In my mother’s home country of Ecuador, there’s a province that is unlike any other.
Where the majority of the population is of either pure indigenous or mestizo (mixed white-indigenous) extraction, Esmeraldas appears as a stark contrast to the norm. The province, located on the northern coast abutting Colombia, appears better suited to the Caribbean than to an Andean country. Even with large white and native populations, Esmeraldas is dominated by Africans imported during the Spanish conquest of the 16th Century. Its culture and traditions point farther east than the Andes, towards the coasts of West Africa from which their ancestors were taken.
Athletes from Esmeraldas are especially successful. A glance at Ecuador’s soccer team would have one think they were from Cuba, Trinidad or Jamaica—anything but a South American mountain republic.
There are enclaves like Esmeraldas in many countries in Central and South America. In the last chapter of PBS’ Black in Latin America, Henry Louis Gates looks at two such areas: the black peoples of Veracruz and the Costa Chica in Mexico and the enclave outside Lima, Peru.
Unlike the Caribbean, Central and South America’s native population was too vast and too concentrated to be wiped out. The cultures of these areas, thus, carried a more Amerindian hue. The exception is the Southern Cone, where marginal native populations, as well as Africans, were absorbed into large European immigrant communities.
Yet according to Gates, the African influence is much larger than we realize—especially as African influences were absorbed or subsumed into the larger Hispano-Amerindian community.
More Africans were imported into Mexico and Peru than the United States. Almost half of all enslaved Africans imported to Spanish America came to Mexico. Cities such as Lima and Veracruz contained a distinct African hue, in contrast to the Spanish-native hybrid culture that surrounds them. Many Mexicans and Peruvians contain some African blood, even those that look mestizo. Furthermore, cultural aspects such as music, dance, and food contained as much African influence as from Europe and the Americas.
So apart from a few enclaves, where did all the Africans go?
In Mexico, the slave boom was early and brief, through the 17th century, and emancipation came sooner (in 1829). Blacks intermarried earlier and more vigorously, and by the 1920s it was difficult to even tell who was of African descent. Officially, scholars and politicians extolled the multi-racial “brownness” of Mexico’s people—a homogenization of all cultures that pushed black identity into the background.
A similar pattern occurred in Peru and other South American nations. Although emancipation was more gradual in South America, the overwhelming native and mestizo populations mixed just as vigorously into African families, creating a similar “brownness” to the Mexican experience.
The most dramatic—and tragic—example is on the Rio de la Plata in Argentina, where black populations were almost entirely integrated into either mestizo or, more commonly, European immigrant populations.

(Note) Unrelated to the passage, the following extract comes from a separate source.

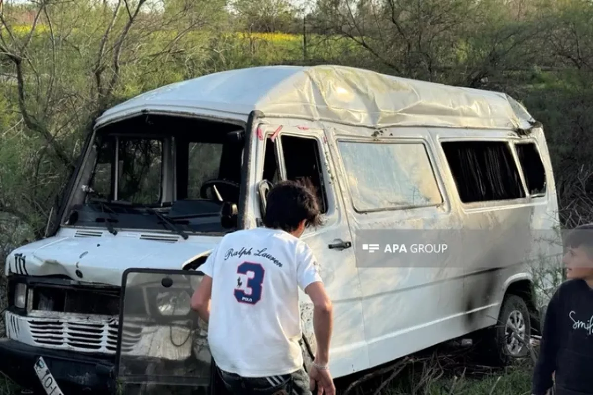 В Азербайджане перевернулся микроавтобус со школьниками ФОТО
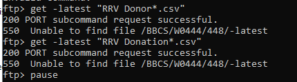 Relatively new to WinSCP. I'm trying to create a batch process to download 2 files from an outside vendor. I've used the GUI with Generate Code, copy/pasted that into my scripts but it does not run. No errors, the call to the script file does not appear to start. I've tried using different methods my other uses (get -neweronly "/BBCS/W0444/448/*.CSV") or another attempt using -latest in place of -neweronly, and it treats those as file names indicating it cannot locate the files. See attached.

In effect, this did in fact wipe out the African influence on the Southern Cone, with the exception of Uruguay, where blacks and mulattos from neighboring Brazil buttress their own communities.
So in looking at these groups, and the series in a whole, I’m left with one question: Is racial intermingling and color-blindness necessarily a good thing?

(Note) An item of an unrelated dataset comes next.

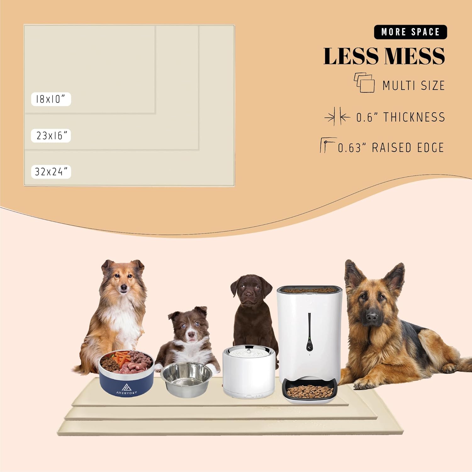 - Perfect for Small to Medium Breeds: Need a premium dog bowl mat for medium and small breeds? Elevate feeding affordably with AVERYDAY's 18x10'' pet bowl mat - where quality meets affordability for your furry friends

A common theme in this chapter, and in the series, is the mistaken benevolence of color-blindness. For many in Latin America, especially places like the Dominican Republic, Cuba and Brazil, it was thought that the mixing of races would create a new pan-racial harmony that transcended labels and heritage. Gates himself points out that this benevolent “openness” is in itself a form of racism, in that it refuses to deal with the realities of culture and especially domestic social problems.
To be honest, Gates has a point. People are not ingredients in a soup, where different flavors and textures get blended together to make one uniform concoction. There will always be shades of color among us, and whenever there is difference, there is usually some form of discrimination be it overt or subtle. Otherwise, the enclaves of Afro-Latin Americans in Esmeraldas, Veracruz, Lima and the Costa Chica would not exist.
Yet I also get a sense—and I think Gates feels it also—that even though it may be merely a pipe dream, “racial democracy” is something worth striving for. There is hope that in the future there can be a time where all people are treated equally and fairly—while at the same time acknowledging and celebrating the different cultures that have shaped the American continent.
That hope was seen in the universities in Brazil, among young people in the Dominican Republic, in the activists striving in the Costa Chica in Mexico, and even the underground rappers and artists in Cuba that fight for their identity even when official policy condemns them as treasonous.
Whatever the future holds, this much is certain: the cultures of Latin America would not be the same if it weren’t for the millions of Africans kidnapped and brought to these shores. They gave far more than they ever got in return.
In acknowledging their contributions, it goes a small way to repaying that debt.
I have missed this and I am sorry. It seems PBS is the only station I watched now. I can not take the mindless entertainment on the other stations
Excellent information. I have been shocked at the blunt way on which the African influence in Latin America has been underplayed in the hispanic culture; aside from music, hispanics fail to realize that part of the blood that runs through their veins is African. Moreover, what is disappointing is the lack of representation and attention given to this culture, within our culture.